Насторожённое внимание Таволгина не уловило в вопросе скрытой издёвки. Хотя подобная встреча с однокашником почти неизбежно таит в себе момент ревнивого сопоставления успехов, а Родион был куда как честолюбив, сейчас, приподнятый важностью своего дела, он, похоже, спрашивал даже с желанием видеть Таволгина не слишком обделённым судьбой. “Толстый и тонкий!” — пронеслось в уме и предрешило ответ.
— Да, — кивнул он небрежно. — Доктор, профессор, лауреат и все такое прочее…
Ему тут же стало совестно за эту достойную вельможи или глупца самотитулатуру, но у Родиона подпрыгнули брови.
— Скажи-и, кого я чуть не шуганул, как зайца! — протянул он и тут же добавил поспешно: — А в академию ты избран?
— Нет, не удостоился.
— Ничего, старина, ничего. — Обретая добродушие, Щадрин приятельски потрепал его по плечу. — Будем ещё там, будем, наш класс широко шагает… Решено: сейчас мы тут разместимся, потолкуем накоротке… Ни-ни-ни! Никаких возражений, ты мой гость!
— Но у тебя дело, какие-то опыты, я, право…
— О, опыты! — Не переставая широко улыбаться, Родион доверительно понизил голос: — Строго между нами: это… Впрочем, увидишь сам. Тоже своего рода история!
— Вроде битвы при Саламине?
— А что? Нынче НТР на дворе. Извини, я тебя ненадолго покину, а то, боюсь, мои мальчики что-нибудь напутают… Ты пока распаковывайся, распаковывайся!
Родион шариком откатился к центру деловых событий, и его чёткий, уверенный голос сразу переключил работу на высшую скорость. Таволгин остался со своими смутными мыслями наедине.
Он отошёл к высокому обрыву, зачем-то постоял на юру, безотчётно любуясь живым током воды. В голове был лёгкий сумбур, досада на непредвиденные обстоятельства, умеряемая интересом к многозначительным намёкам Щадрина и к нему самому. Что бы значила вся их таинственная тут деятельность?

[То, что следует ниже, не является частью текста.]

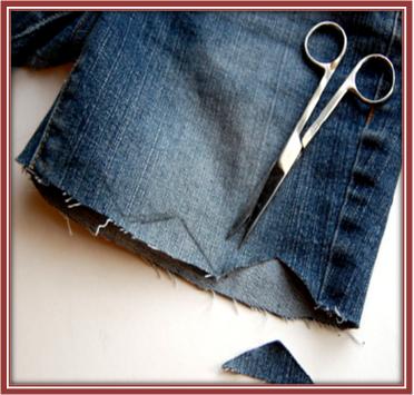 Now, place your ripped pair of jeans on a flat surface and remove all its wrinkles with your hands so that you can get a clear idea where to cut it from. Take a medium or large sharp scissor and cut your old jeans into short, keeping your desired length in mind.

Таволгин склонен был очень серьёзно относиться к тому, что зреет в тишине, ибо прекрасно понимал, что облик будущего часто определяют не громкие для современников события, а как раз незаметные. Главы учебников посвящены крестовым походам, неудачной попытке Запада овладеть торговыми путями Востока. Но — какова ирония? — не громоносные битвы религий в конечном счёте изменили расстановку сил, а скорей уж “латинский парус”, придуманный, кстати сказать, не европейцами, а безвестными арабскими мореходами. Перекочевав к потомкам побеждённых крестоносцев, этот парус умножил возможности европейских кораблей, открыв им со временем простор океана. И началась эпоха Колумба, и сдвинулись пути мировой торговли, и мохом порос источник былого могущества, и точно злой волшебник погрузил в спячку блистательные дворцы мусульманских владык. А чем в конечном счёте стали для феодализма суппорт и паровая машина? Будущее идёт скрытыми путями…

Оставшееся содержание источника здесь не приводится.